Thanks for everyone's help. I understand how it works now. I can get rid
of MultiFieldQueryParser in search.
thanks
suba suresh.
Erik Hatcher wrote:
> Yeah, I used a cruder form by appending all the text together into a
> single string with a space separator in that LIA example.
>
> Given the position increment gap between instances of same-named fields
> that is now part of Lucene, I recommend using multiple field instances
> instead.
>
> Erik
>
>
>
> On Aug 24, 2006, at 3:05 AM, Gopikrishnan Subramani wrote:
>> Erik's has used a space as the field separator. May be you can use a
>> different field separator that your analyzer won't eat up, so that will
>> change the token position by 1.
>>
>> Gopi
>>
>> On 8/24/06, KEGan <kh...@gmail.com> wrote:
>>>
>>> Erik,
>>>
>>> What is generally the reason for indexing both individual fields, and
>>> the
>>> general-purpose "content" field ?
>>>
>>> Also, if we search in the general-purpose "content" field, wouldnt this
>>> problem occurs. Let say we have 2 fields and the following values:
>>>
>>> name : John Smith
>>> food : subway sandwich
>>>
>>> So the general-purpose "content" would have the following values:
>>>
>>> John Smith subway sandwich
>>>
>>> Hence, if the user search for "smith subway" (with quotation), the said
>>> document will be returned. On the other hand, if both fields were
>>> indexed
>>> seperately, this document would not be returned, since there is no field
>>> that contain the value "smith subway".
>>>
>>> How do we go about this problem ?
>>>
>>>
>>> On 8/24/06, Erik Hatcher <er...@ehatchersolutions.com> wrote:
>>> >
>>> >
>>> > On Aug 23, 2006, at 11:36 AM, Suba Suresh wrote:
>>> > > In "Lucene In Action" book it says it is better practice to combine
>>> > > two fields into one field and index it than use the
>>> > > MultiFieldQueryParser. Do I initially index both the fields and
>>> > > then index them again together? When I index them together do I
>>> > > index the fieldnames or values? Can someone give me an example of
>>> > > how to do it?
>>> >
>>> > What I do is simply index all the fields individually that need to be
>>> > searchable or just stored, but also index a general-purpose
>>> > "contents" field with all of that same text.
>>> >
>>> > You can add multiple fields of the same name to a document, making it
>>> > easy to just keep appending to a "contents" field for a document.

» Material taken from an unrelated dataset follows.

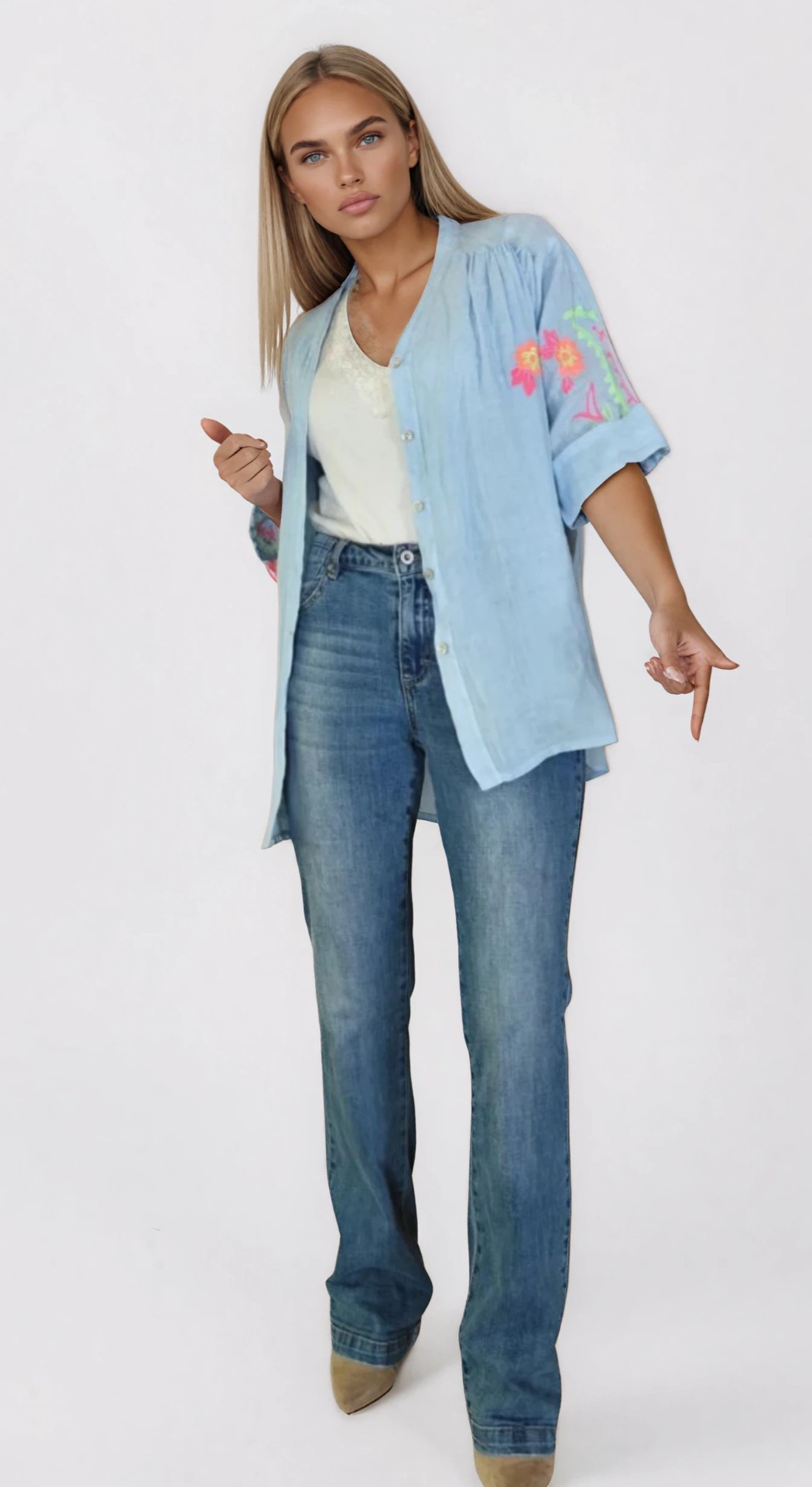 Draag de blouse open over een topje of kanten hemdje voor een relaxte, laagjeslook. Heel mooi op een jeans, witte broek of linnen broek. Dit geeft een effortless, bohemian-chic uitstraling. Ideaal voor overdag, op vakantie of als luchtig jasje op warmere dagen.

>>> > You can see how this is done in the Lucene in Action code in the
>>> > TestDataDocumentHandler.java - however I took a cruder approach and
>>> > appended the fields together with a space in between them rather than
>>> > using the multiple valued field approach. Either technique will work
>>> > just fine.
>>> >
>>> > Erik
>>> >
>>> >
>>> > ---------------------------------------------------------------------
>>> > To unsubscribe, e-mail: java-user-unsubscribe@lucene.apache.org
>>> > For additional commands, e-mail: java-user-help@lucene.apache.org
>>> >
>>> >
>>>
>>>
>
>
> ---------------------------------------------------------------------
> To unsubscribe, e-mail: java-user-unsubscribe@lucene.apache.org
> For additional commands, e-mail: java-user-help@lucene.apache.org
>
---------------------------------------------------------------------
To unsubscribe, e-mail: java-user-unsubscribe@lucene.apache.org
For additional commands, e-mail: java-user-help@lucene.apache.org
Re: How to combine multiple fields to a single field for indexing
Posted by Erik Hatcher <er...@ehatchersolutions.com>.
Yeah, I used a cruder form by appending all the text together into a
single string with a space separator in that LIA example.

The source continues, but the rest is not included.